How to extract specific data from web page to add it to a scraped table with R?

我已经构建了一个脚本,可以从网络上托管的 table 中提取数据,我已经可以看到 table 了,但是为了补充它,我需要添加提供者数据作为已经构建的 table 的一列,我想知道如何提取提供程序数据以附加到我的 table

纸条 R

library(rvest)

urls.colombia.compra.microsoft <- paste0("https://colombiacompra.gov.co/tienda-virtual-del-estado-colombiano/ordenes-compra?page=", 
                               0:11, 
                               "&number_order=&state=&entity=&tool=IAD%20Software%20I%20-%20Microsoft&date_to_=%20&date_from_=")

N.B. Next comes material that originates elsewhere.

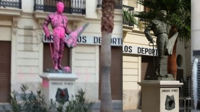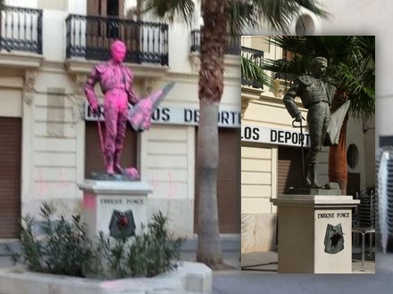 Enrique Ponce var en berømt tyrefægter, som fik sin egen statue i Chiva i Valencia. Der har han stået flot på en piedestal i sit “traje de Luz” indtil en gruppe unge mennesker bestemte sig til at lave ham og hans flotte tøj rosa.

base.colombia.compra.microsft <- purrr::map_df(urls.colombia.compra.microsoft, ~.x %>% read_html() %>% html_table())

base.colombia.compra.microsft

urls.colombia.compra.google <- paste0("https://colombiacompra.gov.co/tienda-virtual-del-estado-colombiano/ordenes-compra?page=", 
                               0:11, 
                               "&number_order=&state=&entity=&tool=IAD%20Software%20I%20-%20Google&date_to_=%20&date_from_=")

base.colombia.compra.google <- purrr::map_df(urls.colombia.compra.google, ~.x %>% read_html() %>% html_table())

base.colombia.compra.google

urls.colombia.compra.nube <- paste0("https://colombiacompra.gov.co/tienda-virtual-del-estado-colombiano/ordenes-compra?page=", 
                                      0:11, 
                                      "&number_order=&state=&entity=&tool=Nube%20Pública%20III&date_to_=%20&date_from_=")

base.colombia.compra.nube <- purrr::map_df(urls.colombia.compra.nube, ~.x %>% read_html() %>% html_table())

base.colombia.compra.nube

base.consolidada.colombia.compra <- data.table::rbindlist(list(base.colombia.compra.microsft, 
                        base.colombia.compra.google, 
                        base.colombia.compra.nube), idcol = 'id')

base.consolidada.colombia.compra

all_urls <- paste0('https://colombiacompra.gov.co/tienda-virtual-del-estado-colombiano/ordenes-compra/', base.consolidada.colombia.compra$`Orden de Compra`)

new_res <- purrr::map_df(all_urls, ~.x %>% read_html() %>% html_table() %>% .[[1]] %>% dplyr::mutate(order_number = basename(.x), .before = 1))

new_res

library(dplyr)

Base.articulos.colombia.compra <- new_res %>% filter(!is.na(No))

供应商数据如下所示:

Provider data image

由于存在重复的 order_numbers,具有不同的 artículos,对于您当前的结构,为请求的数据添加额外的列可能意味着在给定的所有行中重复相同的新数据order_number。为了满足您的要求,这似乎是最简单的接受条件。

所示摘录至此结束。